Search code examples
ruststructenumsetl

How to Implement a Rust Struct with Enum for Config File Parsing to Create Varying Object Types


I need help implementing Rust structs and enums to parse a config file, which will create objects of different types based on a field in the config.

In my use case the configuration specifies datastore details, where the datastore type (e.g. CSV, JSON) influences the structure and fields of the settings section.

Here's an example of a CSV config:

model:
  model_path: octaioxide/tests/testdata/pytorch_nn.onnx

datastore:
  datastore_type: csv
  settings:
    file_path: inference-example/test-data.csv
    delimiter: ;
    headers: true

and Json:

model:
  model_path: octaioxide/tests/testdata/pytorch_nn.onnx

datastore:
  datastore_type: json
  settings:
    file_path: inference-example/test-data.json
    json_specific_field: true

I'd like to create a struct so that when I deserialise the config file, it has an object datastore which is instantiated by default using the settings provided. Something like:

pub struct InferenceConfig {
    pub model: Model,
    pub datastore: DataStore
}

let inference = InferenceConfig::new(filepath);
data: vec![] = inferece.datastore.load_data();

I had thought that there would be a way of creating a DataStore enum which held Csv, Json etc. objects:

pub enum DataSource {
    Csv(CsvDataSource),
    Json(JsonDataSource),
    // more
}

such that when the config is parsed, the datastore attribute of InferenceConfig becomes the CsvDataSource objects (containing a load_data method)
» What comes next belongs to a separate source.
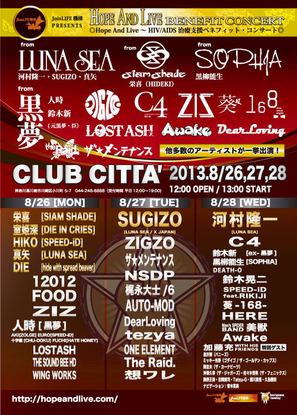河村隆一、SUGIZO、真矢、黒柳能生(SOPHIA)、栄喜(SIAM SHADE)ら出演のHIV/AIDS治療支援コンサート、開催迫る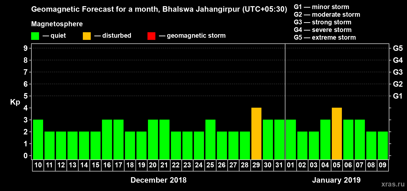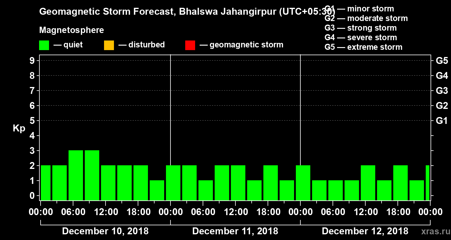 Geomagnetic storm forecast in Bhalswa Jahangirpur for Dec 10, 2018

However I have tried many variations on this without success.


Solution

  • I'm assuming you're using serde and serde-yaml to load this config.

    Your datastore structure reflects an adjacently tagged enum meaning it only has a "tag" field and a "content" field (where the content is determined by the tag). You can configure that like so:

    #[derive(Deserialize)]
    #[serde(tag = "datastore_type", content = "settings", rename_all = "snake_case")]
    enum DataStore {
        Csv(CsvDataSource),
        Json(JsonDataSource),
        // more
    }
    

    The rename_all = ... part is just so that "json" (lowercase) gets parsed to the Json variant. Same for "csv".

    Full working example available on the playground.